For Ford, making art is an essential part of the day. It takes her on a journey that engages her mind, her hands, her eyes, her unconscious. It opens a place to take risks, make mistakes, create a world of her own imagining. In her words, “As artists we are visual philosophers. We take in the world of experiences, we digest these experiences and then some indescribable and unrelenting need takes over that demands processing through the act of making art.”

And what a beautiful place she has to work in. A door from her studio opens onto grass and trees, birdsong and sky.

Ford is currently working on a series of paintings that explore local waterways, their origins, evolution, and fragility. “The Journey” is part of that series.
It’s well worth a visit to Ford’s website, a thoughtful and intriguing exploration. 

Another creative space in Urbana goes farther in sharing equipment, expertise, and energy. For a number of years the Champaign-Urbana Potters’ Club has resided in a storefront at the corner of Race and Washington streets in Urbana. It’s an orderly, light-filled space with a number of wheels, a large working surface and sink in the front room, storage and personal space behind. The club focuses on pooling their resources for purchasing, organization, education, and inspiration. They bring in teachers for workshops such as raku techniques.

For Stephanie Sutton, who has been a member about ten years, a central advantage is its accessibility, both in location and hours -- it’s open to members 24 / 7. Equipment includes electric wheels and a kick wheel, several kilns, a slab roller, varied glazes and clays, and shaping tools. Sutton particularly appreciates the sink that collects clay particles for re-use.

Perhaps the greatest resource for members is their shared expertise. Sutton has seen the level of members' work rise over the years. Each contributes pieces for group sales that help pay their costs. I first got to know their work from their annual booth at the Taste of Champaign.

Members contribute their expertise to good works as well. For several years the club has orchestrated Empty Bowl, a fundraiser for Daily Bread soup kitchen. Between them they donate 300 one-of-a-kind bowls, to be filled with soup at Silvercreek Restaurant. Contributors enjoy dinner and a bowl to take home -- a most creative community repast.

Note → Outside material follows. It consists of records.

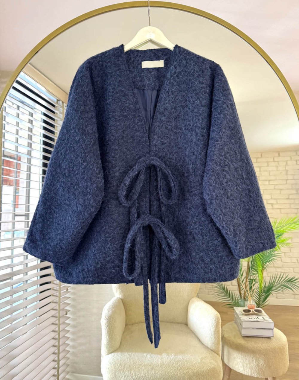 Önü Bağcıklı Kaşmir Ceket Lacivert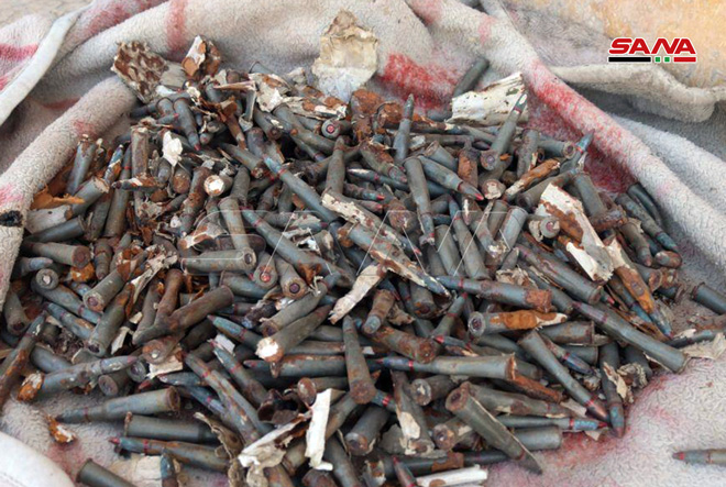Las autoridades competentes encontraron municiones de diferentes tipos y equipos de telecomunicación en un escondite de los terroristas del Daesh en la localidad de Al-Mayadeen, en la provincia oriental de Deir Ezzor.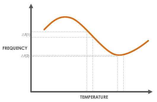 晶體爐的頻率輸出取決于石英晶體的溫度。 您可以在下圖中看到,溫度會對振蕩器的頻率產生重大影響。 在大多數應用中,可以使用更簡單的 TCXO 或溫度補償晶體振蕩器來減少環境溫度變化的負面影響。但是在某些環境中,進口TCXO晶振無法滿足應用程序的穩定性要求。在這些情況下,RF 工程師可以更進一步,利用 OCXO 提高的穩定性。

The experience of working in clay has opened a new world to Sutton, who comes from a technical, business background. She enjoys the hands-on time and the meditative concentration it brings, in centering a piece of clay on the wheel and creating a harmony with her hands to shape a finished piece. Like all creative processes, the outcome takes its own turns depending on the variables throughout: the moisture in the clay, the shape it’s inclined to take, the inspiration of the day, then two firings and glazing. Opening the kiln at the end always reveals the unexpected. The promise begins with simply opening the door off Race Street and entering well organized working space and energy, away from home and daily distractions.


Then there is the above-and-beyond-the-normal-range-of-sanity drive to create an inspiring and functional workspace. Unusual inclinations and skills call forth unusual construction. Such things flutter off the fingertips of Tony Taylor, sometime welder, metal worker, woodworker, cabinetmaker, museum exhibit fabricator, electronics pro. And musician — primarily a drummer. Tony has messed around with all kinds of instruments since he was a child. He’s fascinated by making his own.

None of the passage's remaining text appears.